My terrible singing seems to be working. First, his back straightens a bit; he’s not hunched so far over his food. Then he slows down from fast shoveling to normal eating.
Although his back is mostly between me and his food, I can see the plates and his hands. When he moves to eat the cake, I gently tell him, “That’s dessert. Most people save that for last.” I see him politely set the cake back down and finish everything else.
“You’re still way too thin, but it looks like you’ve put on a bit of weight. I hope they’ve been feeding you regularly.” I figure he’s calmed enough I can talk to him instead of continuing to repeat the old song. “I want to apologize for not visiting sooner. I’ve been preoccupied.”

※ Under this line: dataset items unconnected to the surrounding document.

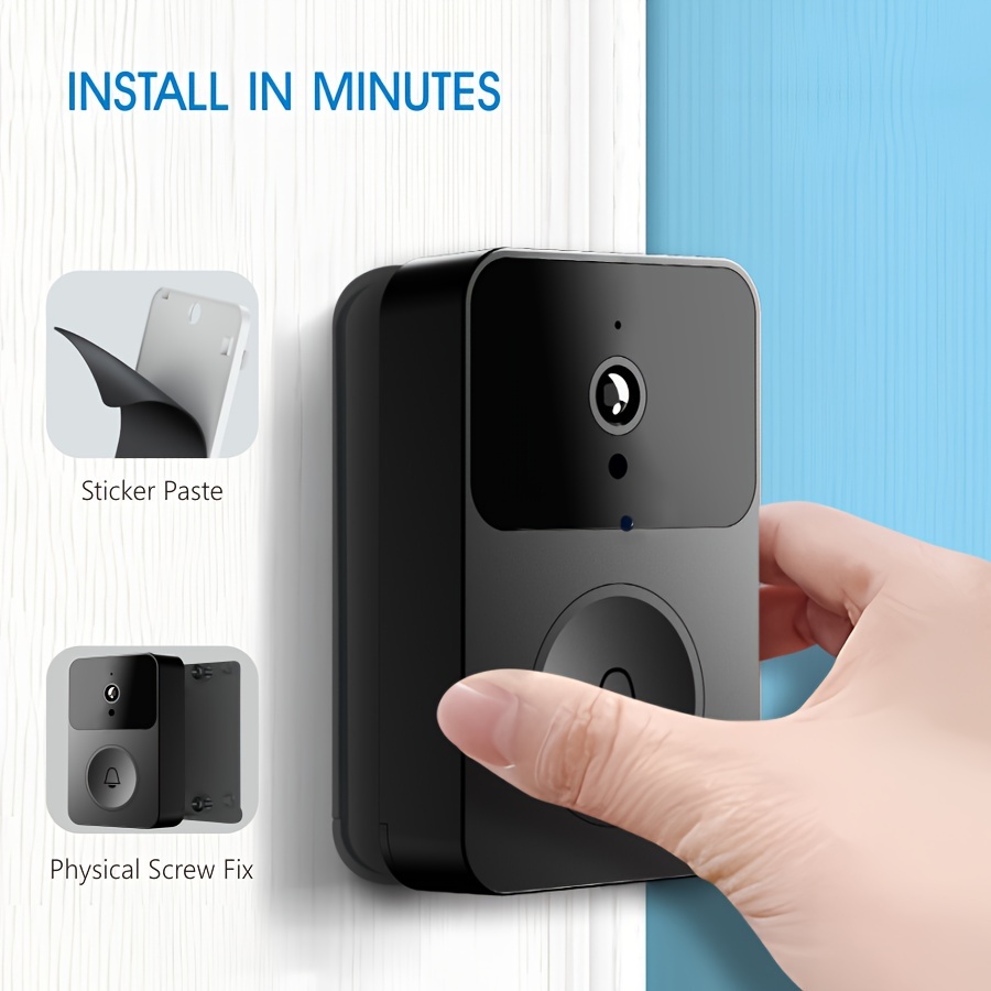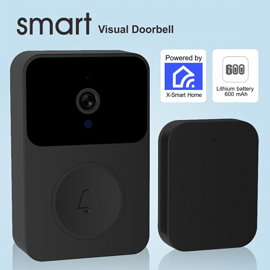 1pc Smart Visual Doorbell with Camera, 480p HD Video, App Control, Built-in Speaker, Bi-Directional Voice Intercom, USB Charging, 600mAh Lithium Battery, Wi-Fi Enabled, Infrared Night Vision, 2.4G WIFI, Non-Waterproof, for Smartphones/Tablets – Black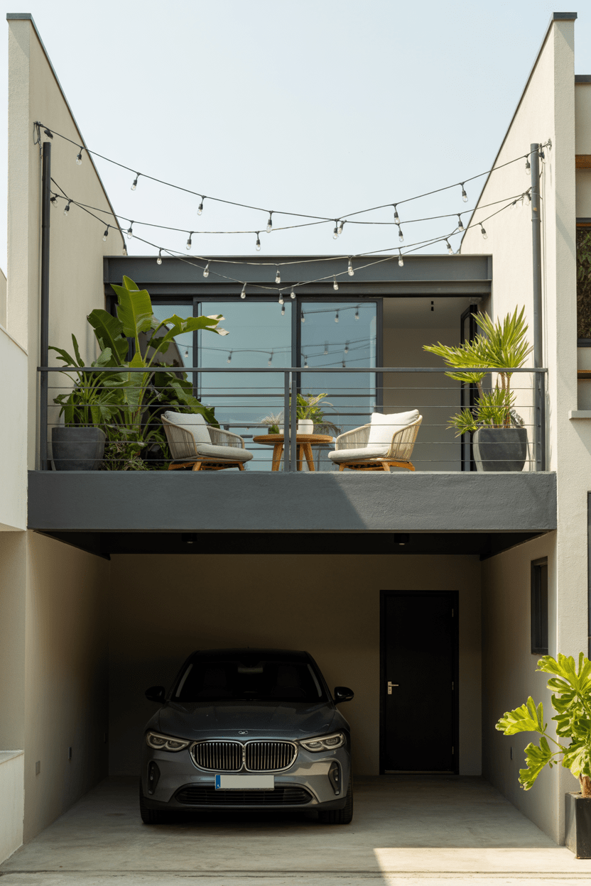 Now this is smart design. If you’re tight on space (or just love a multifunctional layout), a carport with a deck or balcony on top gives you double the function. Park below, entertain or sunbathe above. It’s modern, fresh, and a total space-saver.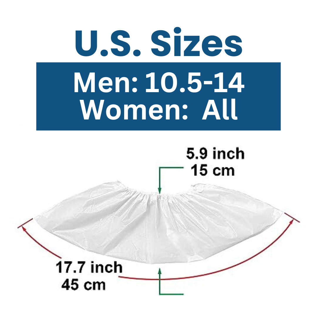 Discover our high-quality waterproof CPE plastic shoe covers, expertly designed for unparalleled protection and durability. Crafted with 100% waterproof material, these covers form a dependable shield against moisture, germs, dirt, and dust, ensuring a pristine and safe environment. The robust CPE material guarantees lasting use, while the double-banded elastics deliver a secure and snug fit over both boots and shoes. Embossed with slip-resistant patterns, these shoe covers provide exceptional traction on various ground surfaces. With hassle-free on and off application, they are perfect for wearing over recommended shoe sizes, accommodating men's size 14 US and all women's US sizes. Stay confident and safeguarded in any setting with our top-notch waterproof shoe covers.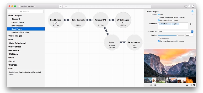 Retrobatch 1.3.1 es un procesador de imágenes por lotes flexible. Basado en nodos que pueden mezclar y combinar diferentes operaciones para crear el flujo de trabajo perfecto. Convierte archivos PSD a HEIC, JPEG, PDF, PNG o TIFF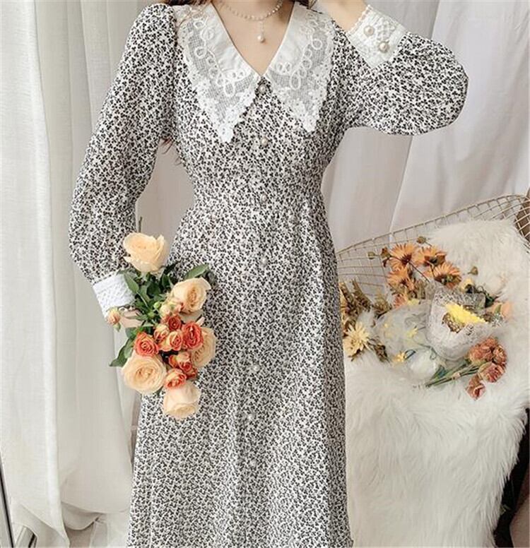 キャンディのように甘い ギャザリング 気質 Vネックレース ウエストスリム 壊れた花 ワンピース
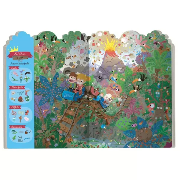 Un cherche et trouve, avec 26 éléments à retrouver par ordre de difficulté dans chaque lieu du royaume Dufouillis : le village de Cafouillis-les-oies, le Volcan Furax, la Grand Flaque d’Eau, la Forêt en Chantier, le Port Nawak, le Champ du Moulin Pourri. Ce livre-jeu favorise l’attention, l’observation et la concentration de l’enfant.
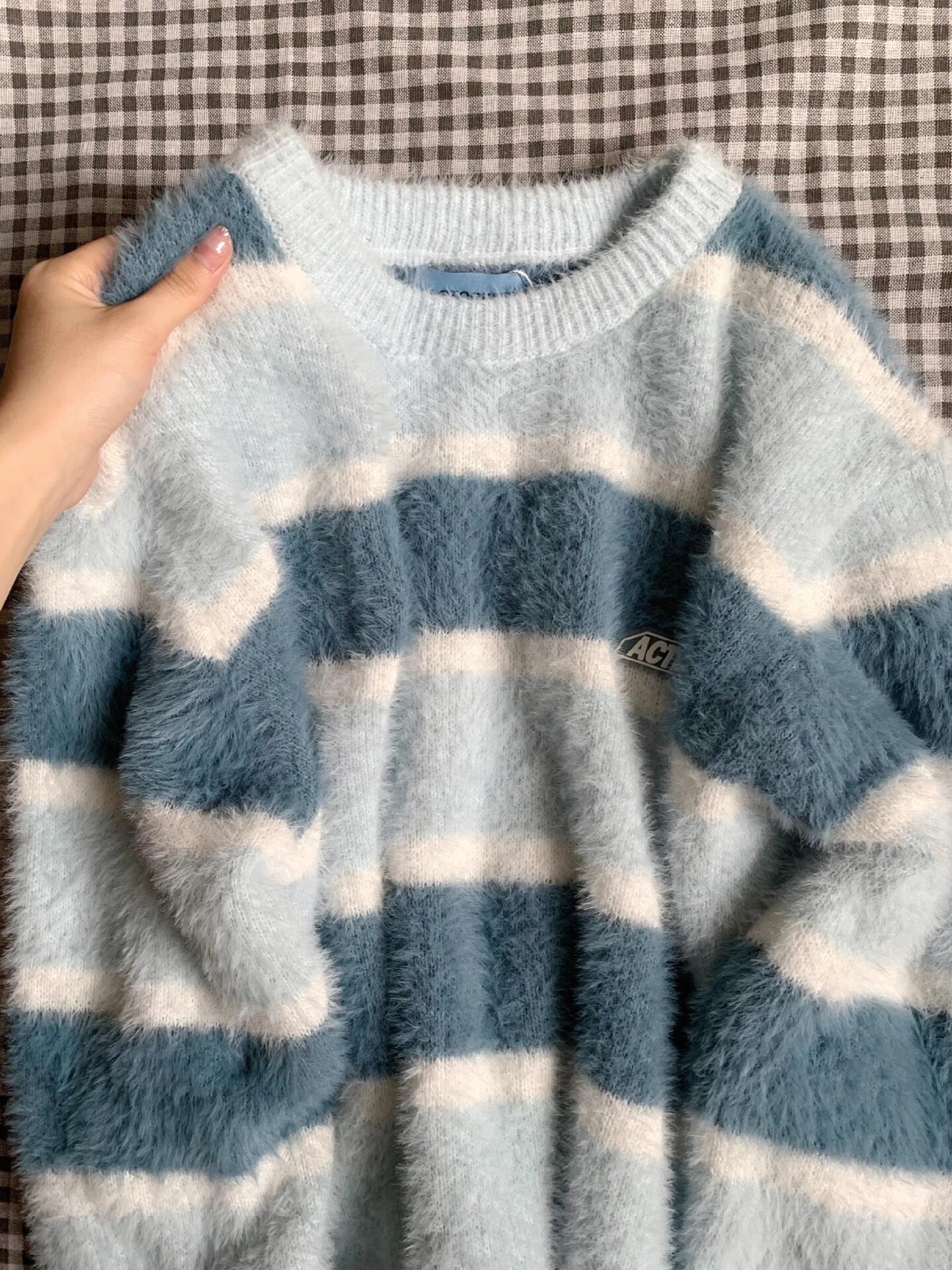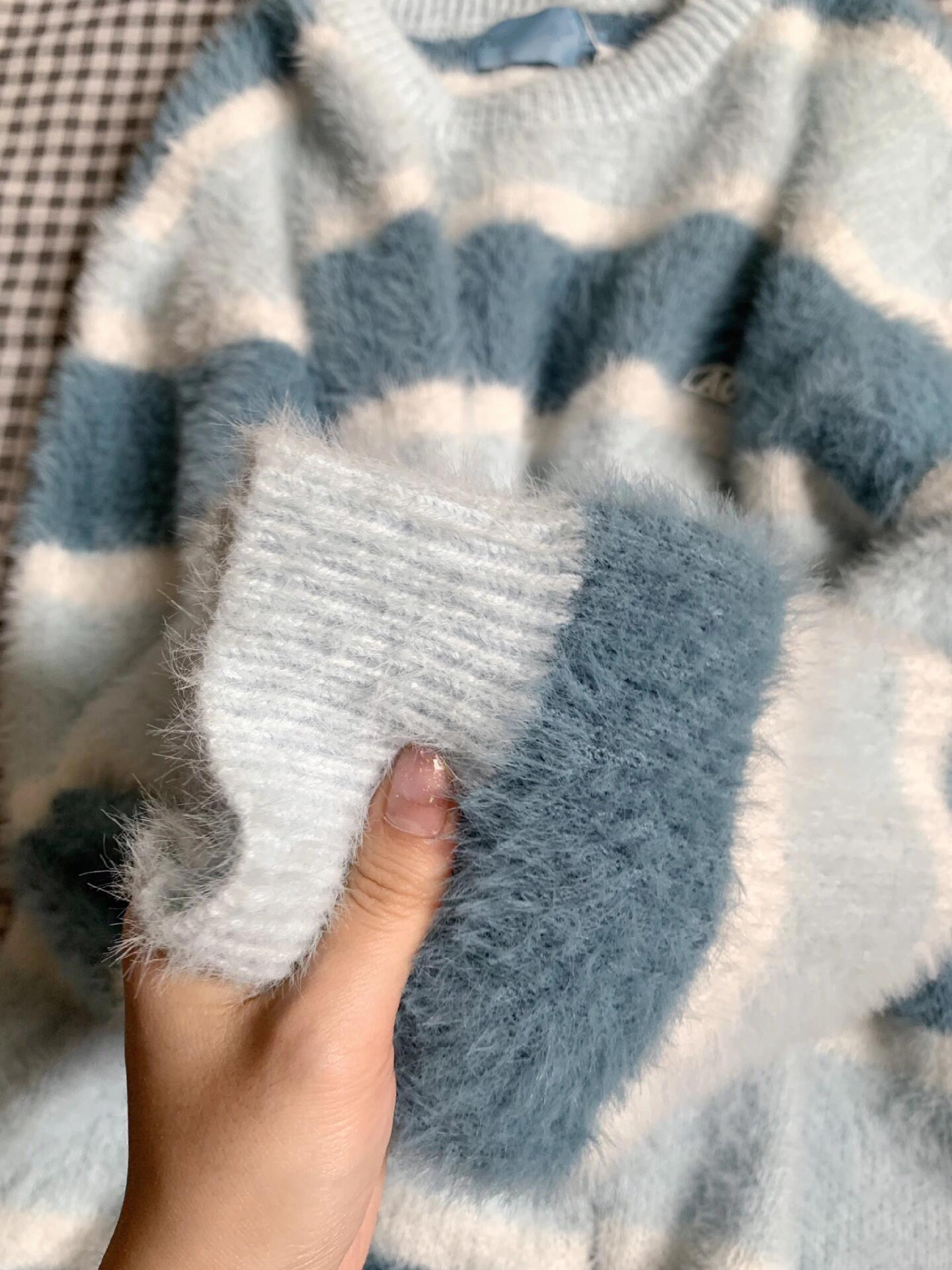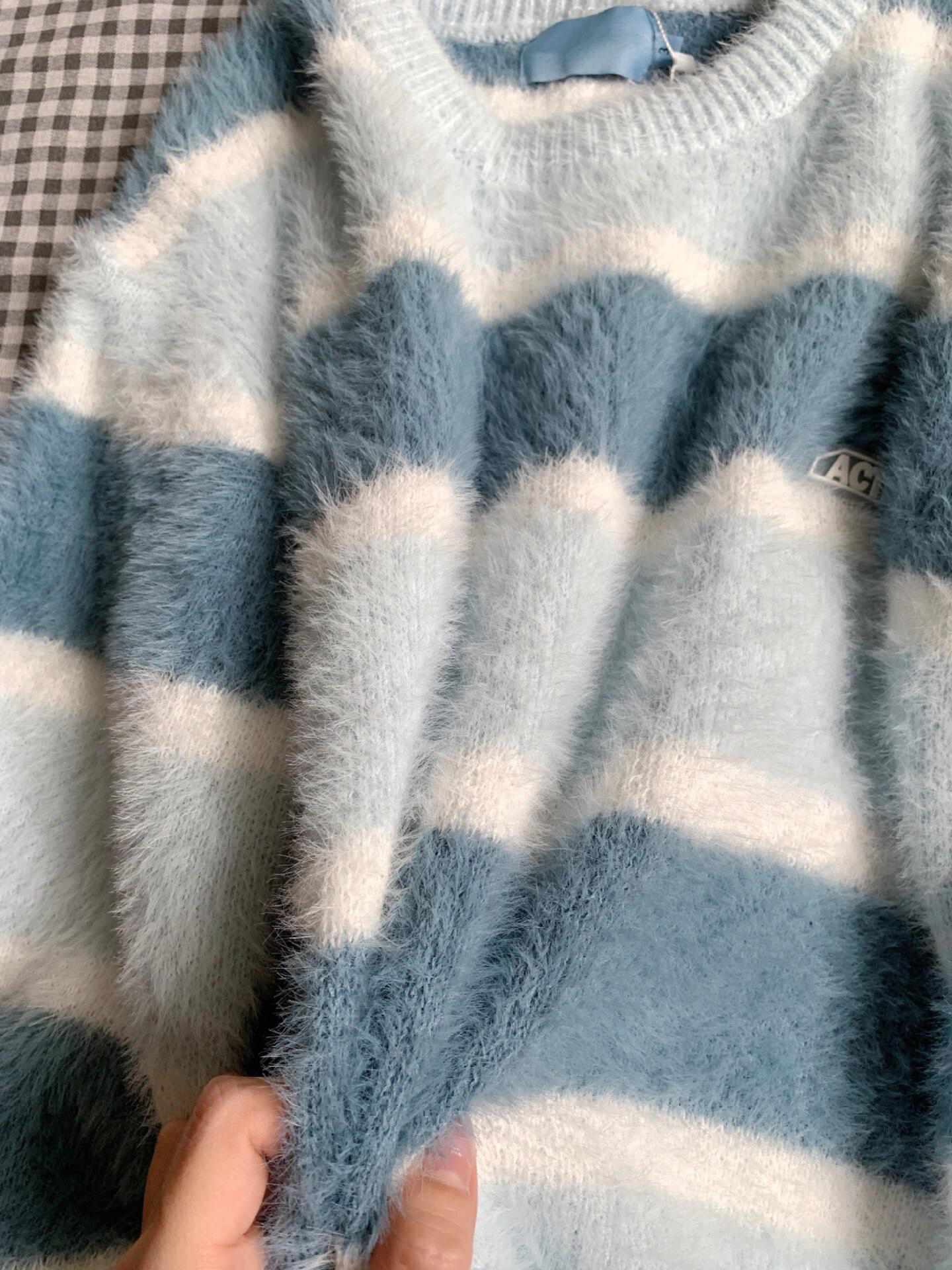 日系學院風撞色條紋馬海毛毛衣女溫柔風小衆軟糯系減齡針織衫上衣

“With your mates?” he asks, his tone deep and gruff.
“How’d you…?” I guess he’s smart enough to have picked that up from our behavior during that frantic run on Fairea. “Yes. The gold one was hit by shrapnel, like you.”
“But he got sick from it,” he offers.
“Yeah, it made him sick and it severed his spinal cord. He’s…dying.”
Oh my God, did I just say that? Did I just admit that out loud? Tears spring to my eyes, but I tighten my jaw and try to pull myself together.
“Oh. Sorry.” He turns a few degrees my way. I can see his profile. I’m not certain he can see me through the shaggy curtain of his snarled hair.
“I’m sorry,” I say, trying to pull myself back into the here and now, “I shouldn’t have dragged you here. I wanted to save your life. I didn’t really think it through, though. I didn’t really believe you’d wind up in this cell. I guess I should have left you on Fairea.”
“I’d be dead there,” his voice sounds so hollow, so resigned.
“So if you could tell me where you want to go, what planet you’re from, where your family is, I’ll try to convince Zar to take you there. We can get you back where you belong.”
“I’m a geneslave.”
“I’m new here. I don’t understand.”
“I was created in a lab. I have no planet other than the one I was created on. I don’t even have any acquaintances other than the drackhole who tricked me and re-enslaved me, then left me to die in that terrorist attack.”
Although his words are sad, his face carries no expression. It’s SSDD to him.
“Well...where would you like to go? Certainly you’ve heard of other places? Somewhere you could be safe, start a new life?”
He shakes his head and turns a few more degrees so we can fully see each other. He reaches for the cake and takes a bit with his fingers—Stryker confiscated the silverware I brought.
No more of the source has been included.